Implications and Future Directions

The introduction of LMAC-ZS has several theoretical and practical implications for the field of AI and machine learning. Theoretically, it paves the way for exploring interpretability in multi-modal and zero-shot settings, challenging the conventional focus on more simplistic model architectures.
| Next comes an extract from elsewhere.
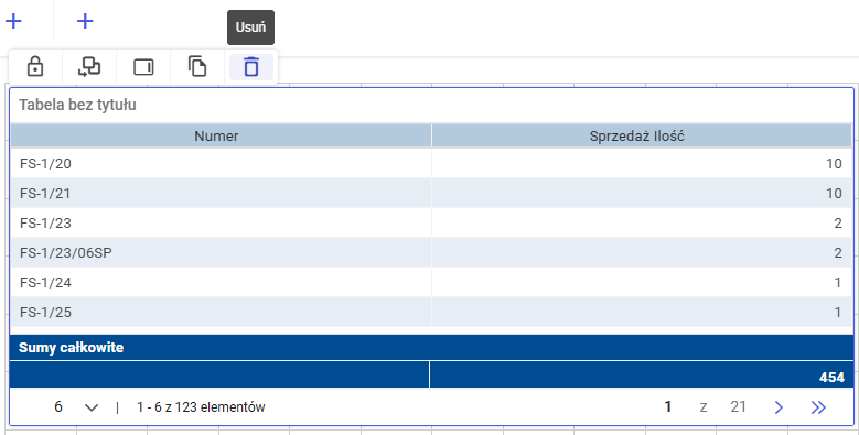 Otwiera prawy panel formatowania tabeli, w którym dostępne są szczegółowe ustawienia wyglądu, kolorów, sum oraz stylu danych.

Practically, LMAC-ZS could enhance transparency in sensitive applications of audio classifiers, such as in healthcare or autonomous monitoring systems where understanding classifier decisions is as crucial as accuracy.

Looking forward, this research opens pathways for extending interpretability methods across different modalities and models, potentially refining the decoder architecture for improved context adaptability. Moreover, similar approaches could transform how zero-shot and transfer learning models are validated and understood, bridging the gap between model complexity and human interpretability. Future expansions might explore the application scope towards real-time interpretation for dynamic audio processing scenarios, thus contributing to more adaptable and responsive AI solutions.